§ **Task objective**
Each line of the records that holds the word "Verkehrswende" should be copied out.

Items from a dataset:
------------------------------
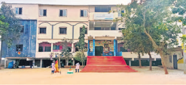
హుజూర్ నగర్లోని మైనారిటీ గురుకుల పాఠశాల

హుజూర్ నగర్, జనవరి 18 : 2024-25 విద్యా సంవత్సరంలో తెలంగాణ రాష్ట్ర మైనారిటీ గురుకుల పాఠశాలలు, జూనియర్ కళాశాలల్లో అడ్మిషన్లకు నోటిఫికేషన్ విడుదలైంది. ఈ నెల 18నుంచి ఫిబ్రవరి 6వరకు ఆన్లైన్ దరఖాస్తు చేసుకోవాలి. 5వ తరగతిలో కొత్త సీట్లకు, 6, 7, 8 తరగతుల్లో (కేవలం మైనారిటీ) ఖాళీలకు దరఖాస్తులు స్వీకరించనున్నారు. మైనారిటీ గురుకుల జూనియర్ కళాశాలల్లో బాలికలు, బాలురు సీట్ల కోసం ఇదే తేదీల్లో ఆన్లైన్ దరఖాస్తు చేసుకోవాలి.
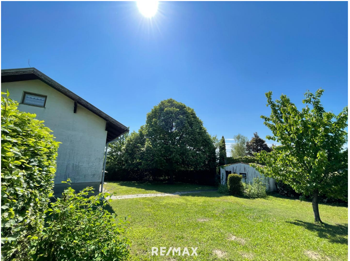
GARTEN - Blickrichtung Osten

Objektnummer: 1609_41665 Eine Immobilie von RE/MAX First
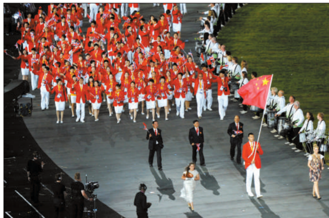
中国代表团穿恒源祥礼服入场,易建联担任旗手。
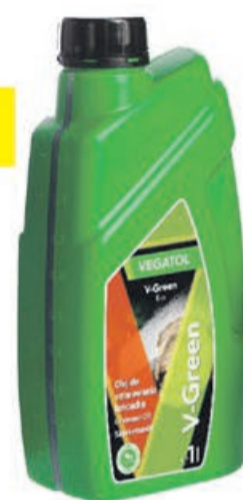
Olej EKO Green 1l
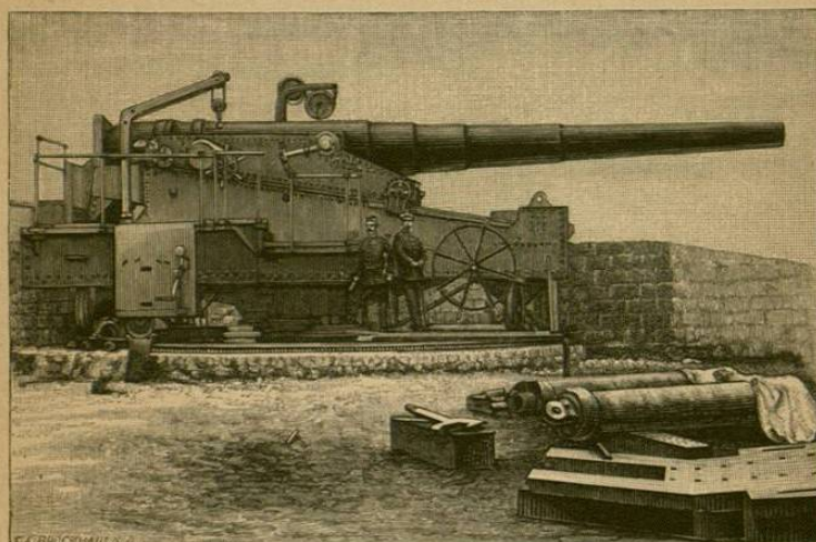
FUERTE VERGARA. VALPARAISO.

MARINA. —La marina de Chile es una de las más fuertes y mejor organizadas de América del Sur. Se compone de 9 cruceros, de los cuales los mayores son el "O'Higgins" de 8,500 toneladas; el "Capitan Prat" de 6,966 toneladas; la "Esmeralda" de 7030 toneladas; el "Cochrane" de 3550 toneladas. A estos buques de combate, más ó menos
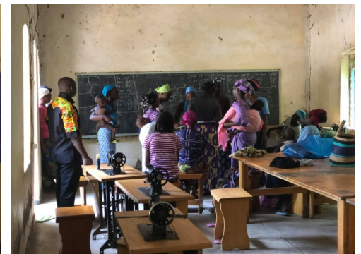
Les patroon tekenen.
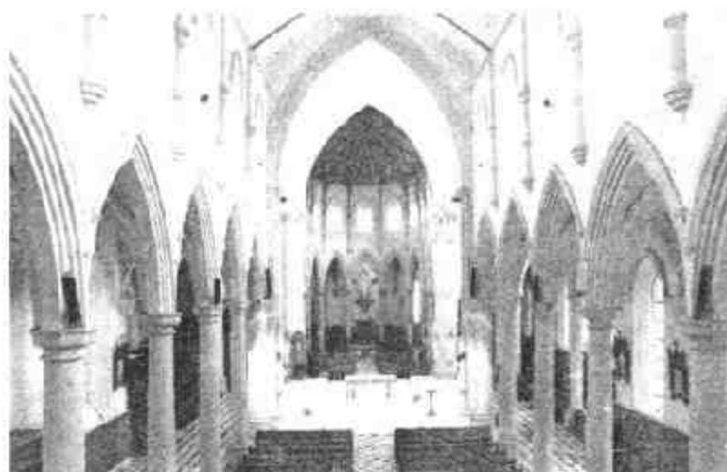
图三 教堂内装饰(香港圣母无原罪主教座堂)

教堂也称礼拜堂,它是基督徒进行宗教活动的建筑物。公元4世纪,基督教成为罗马帝国的国教后,即开始建造教堂。教堂的主要式样有拜占庭式、罗马式、哥特式和斯拉夫式。
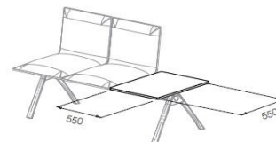
Mesa Cuadrada Lateral
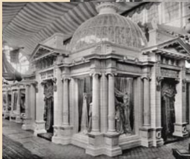
Стенд Прохоровской Трехгорной мануфактуры в Москве
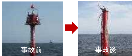
走錨船舶の接触による損傷（灯標の上部脱落） ※過去5年間における船舶接触による航路標識の被害件数 計262件
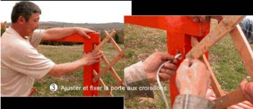
3 Ajuster et fixer la porte aux croisillons
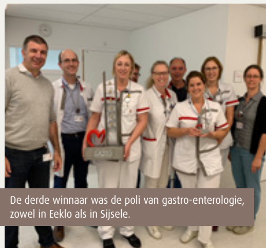
De derde winnaar was de poli van gastro-enterologie, zowel in Eeklo als in Sijsele.
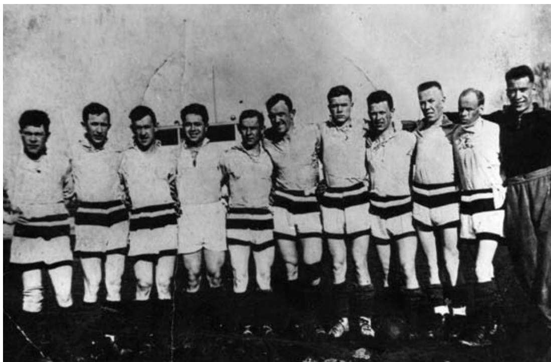
После игры «Динамо» – «Зид» - 2:1. Стадион «Динамо». 1934
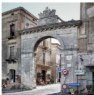
La Porta del Parco delle Maiella

scritto da Redazione Abruzzo Popolare | 8 Novembre 2022
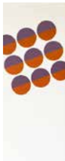
11 Michael Bruns o.T. 2009, Acryl auf Leinwand 18 x 24 cm Rufpreis € 70,-
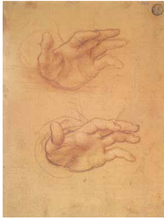
Fig. 7.- Fernando Yáñez de Almedina (attr.), Estudio de manos . Venecia, Gallerie dell'Accademia. Inv.

En relación con los afectos de los que se carga la figura de María, no es completamente indiferente, por ejemplo, la estilización exasperada a la que está sometida la mano derecha, abierta en una sorpresa mayor que el arpegio natural al que se adaptan los dedos en las dos obras antes mencionadas; y es digno de mención que una tensión similar se encuentra en uno de los dos estudios de manos, trazados en una hoja de las Gallerie dell'Accademia de Venecia, a menudo atribuida a Yáñez [fig. 8]. 27 Este énfasis sentimental se justifica por el mayor desequilibrio de
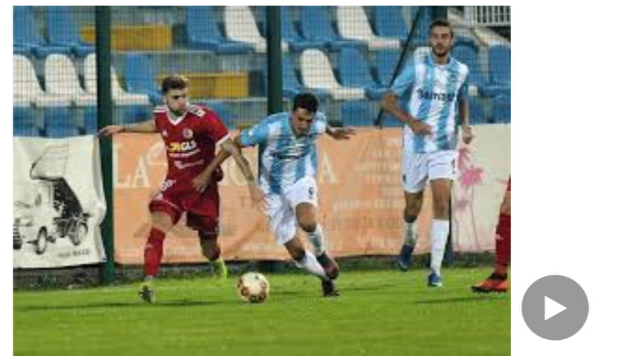
Giana Erminio 1 – Alessandria 1: i goal del match
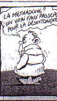
LA MÉTHADONE? UN VRAI FAUX PASSERAIT POUR LA DESINTOXICATION
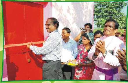
பாட்வா கட்டடா - கிராம ஆலயப் பிரதிஷ்டை
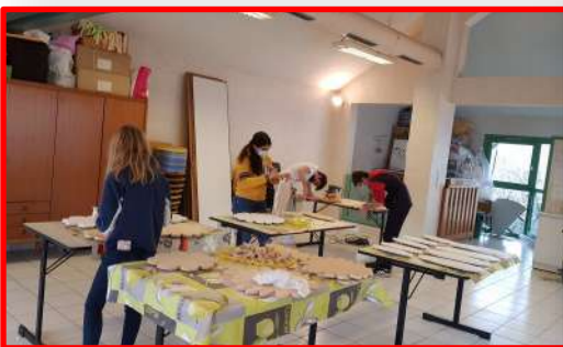
Février - Fleurs géantes en bois
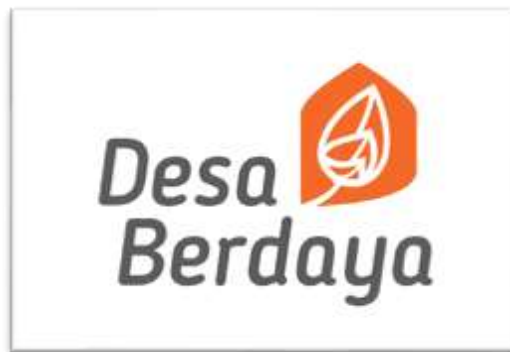
Gambar 1.1 Logo Gerakan Desa Berdaya

Kegiatannya Rumah Zakat telah mendapatkan izin sebagai Lembaga Amil Zakat Nasional sesuai keputusan Menteri Agama RI No. 421 Tahun 2015, serta sebagai Lembaga Kesejahteraan Sosial dari Menteri Sosial RI No. 107/HUK/2014, dalam mengimplementasikan program pemberdayaannya Rumah Zakat mengusung gerakan bernama Desa Berdaya.
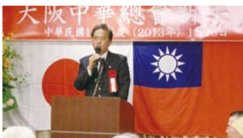
大阪府議會議長淺田均
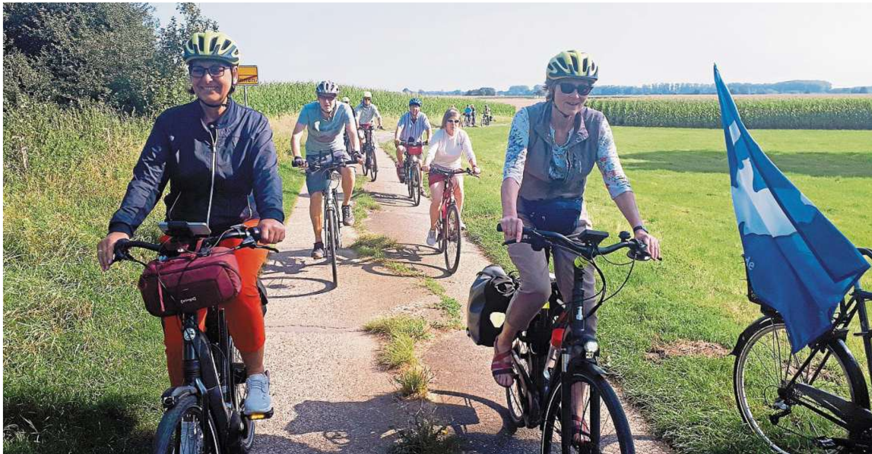
Mit zahlreichen gemeinschaftlichen Radtouren sorgte das Bündnis „Radeln für eine Verkehrswende“ für eine gute Beteiligung auch beim Stadtradeln, wie zum Beispiel bei der Radtour der Naturfreunde mit dem DGB am Antikriegstag zur Dokumentationsstelle Pulverfabrik Liebenau.

Bündnis radelte drei Wochen für eine Verkehrswende
------------------------------
§ **Result of the exercise**
Mit zahlreichen gemeinschaftlichen Radtouren sorgte das Bündnis „Radeln für eine Verkehrswende“ für eine gute Beteiligung auch beim Stadtradeln, wie zum Beispiel bei der Radtour der Naturfreunde mit dem DGB am Antikriegstag zur Dokumentationsstelle Pulverfabrik Liebenau.
Bündnis radelte drei Wochen für eine Verkehrswende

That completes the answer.